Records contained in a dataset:
___
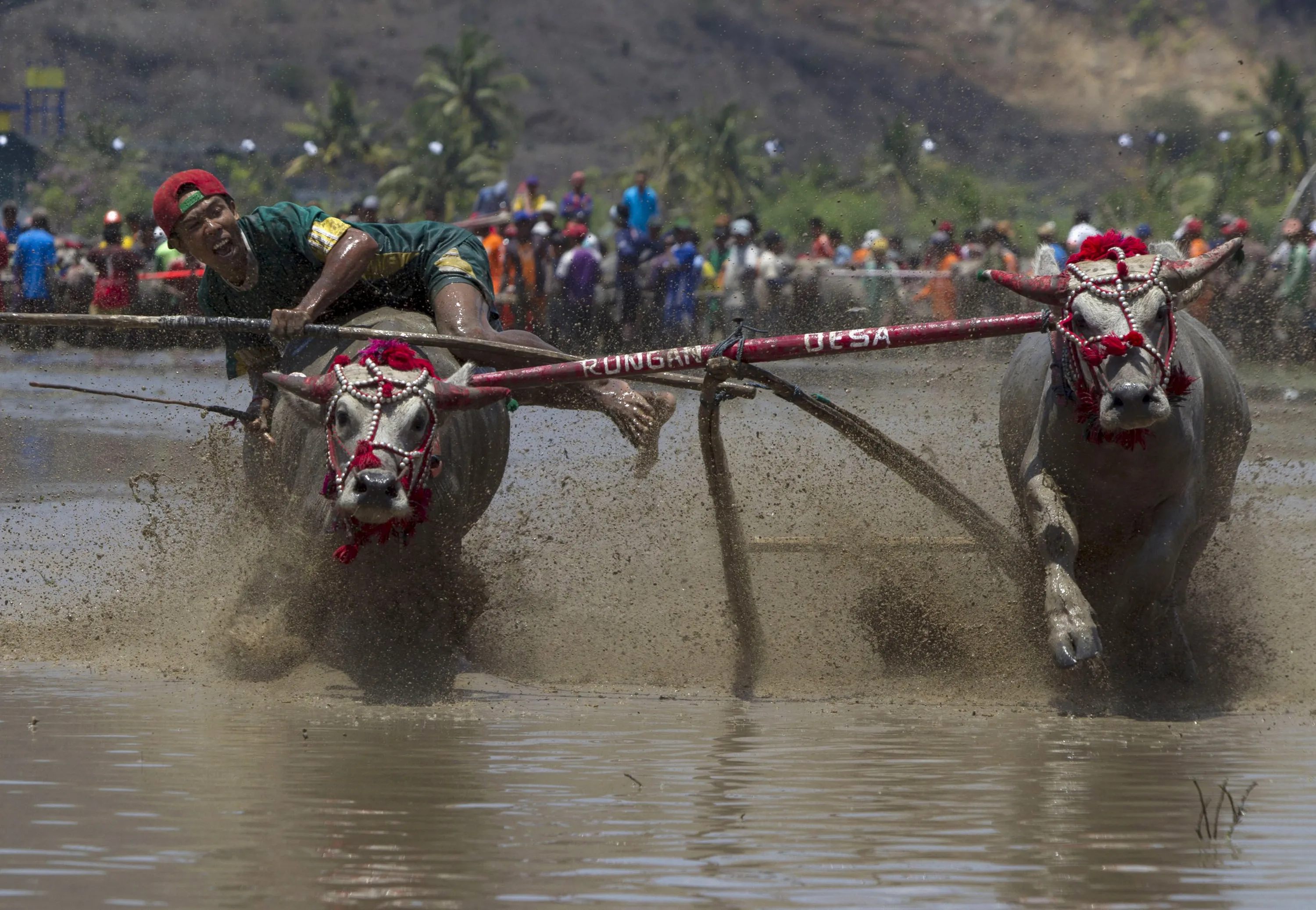 A jockey tries to control his water buffalo during a traditional Barapan Kebo or buffalo races, in Taliwang, on the island of Sumbawa, West Nusa Tenggara, Indonesia November 22, 2015. (Photo by Sigit Pamungkas/Reuters)
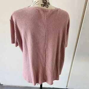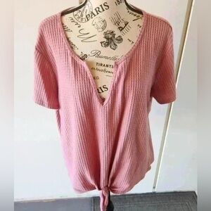 This dusty pink textured front tie shirt is so cute! Looks great with jeans or shorts.
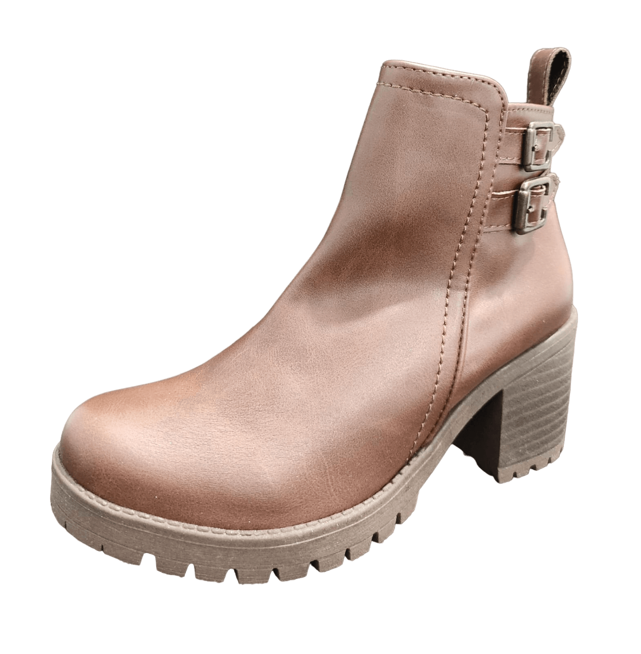 • Material: Sintético Color: Café con cierre Tacón: 6 cm
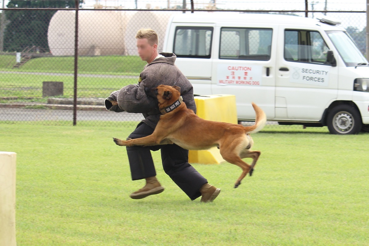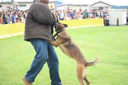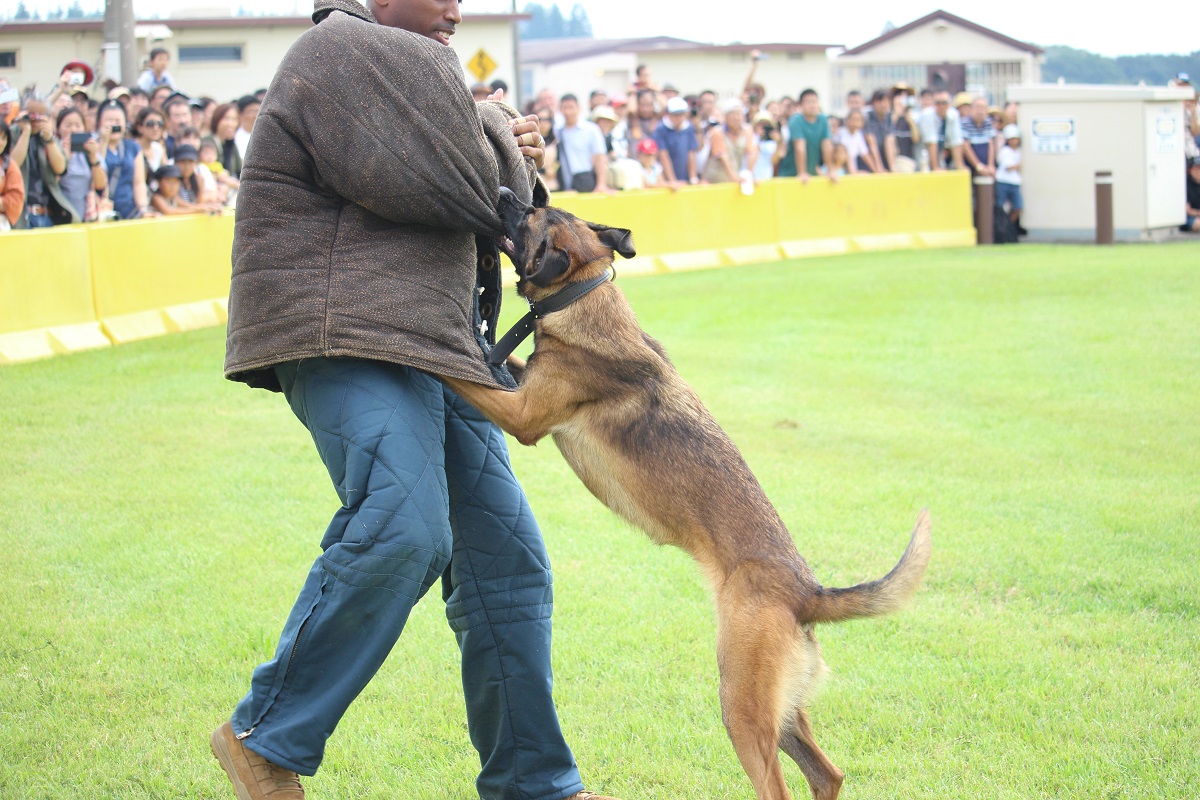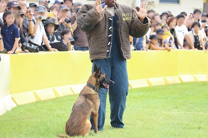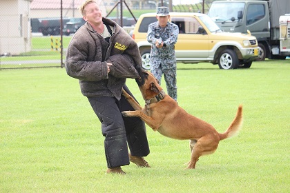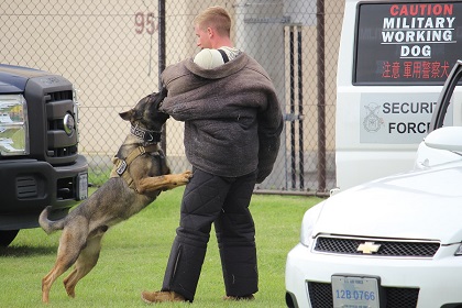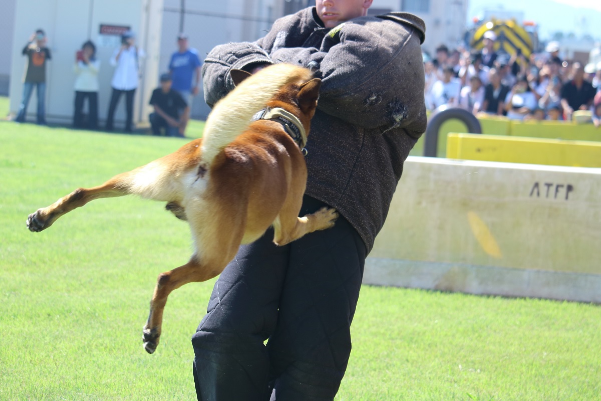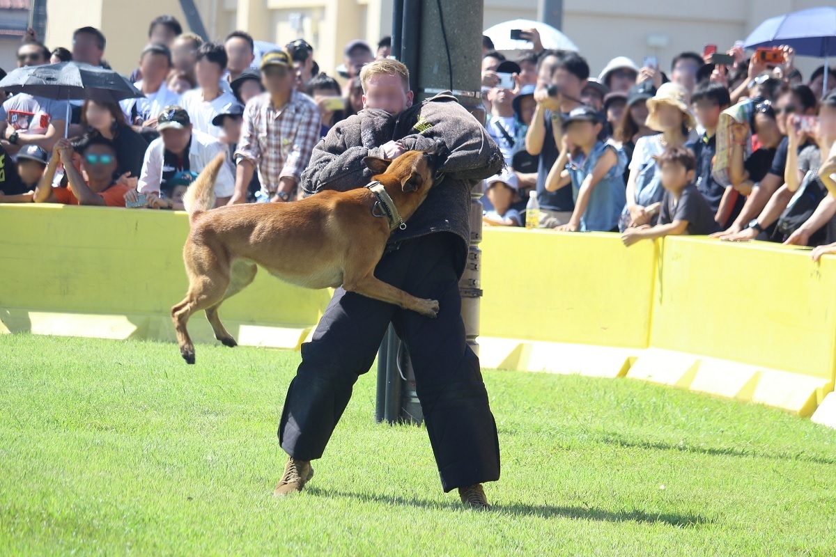 実演では軍用警察犬が訓練士(ハンドラー)から指示されると 敵となる攻撃対象の人間に襲い掛かります。そして訓練士の指示があるまで敵に噛みついて決して離れません。(実演のときは敵役の米兵の人は防弾チョッキのようなものを着て身を守っています。)この実演はかなりの迫力なので一見の価値はあると思います。
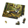 Immerse yourself in the wonder of the wilderness with our "Enchanted Forest Guardian" jigsaw puzzle. This exquisite puzzle, featuring 1000 pieces, invites you to piece together the magic of a mythical woodland realm, anchored by the serene yet spirited figure of Eirwyn, the reindeer. With each puzzle piece, you'll bring to life the intricate details of Eirwyn's majestic antlers, a vibrant ecosystem in themselves, crowned with lush moss, blooming flora, and playful forest birds.
___
From the line containing "This dusty pink" down to the last line of the data above, transcribe exactly those lines and no others; omit the pictures.

Exercise output:
 This dusty pink textured front tie shirt is so cute! Looks great with jeans or shorts.
 • Material: Sintético Color: Café con cierre Tacón: 6 cm
 実演では軍用警察犬が訓練士(ハンドラー)から指示されると 敵となる攻撃対象の人間に襲い掛かります。そして訓練士の指示があるまで敵に噛みついて決して離れません。(実演のときは敵役の米兵の人は防弾チョッキのようなものを着て身を守っています。)この実演はかなりの迫力なので一見の価値はあると思います。
 Immerse yourself in the wonder of the wilderness with our "Enchanted Forest Guardian" jigsaw puzzle. This exquisite puzzle, featuring 1000 pieces, invites you to piece together the magic of a mythical woodland realm, anchored by the serene yet spirited figure of Eirwyn, the reindeer. With each puzzle piece, you'll bring to life the intricate details of Eirwyn's majestic antlers, a vibrant ecosystem in themselves, crowned with lush moss, blooming flora, and playful forest birds.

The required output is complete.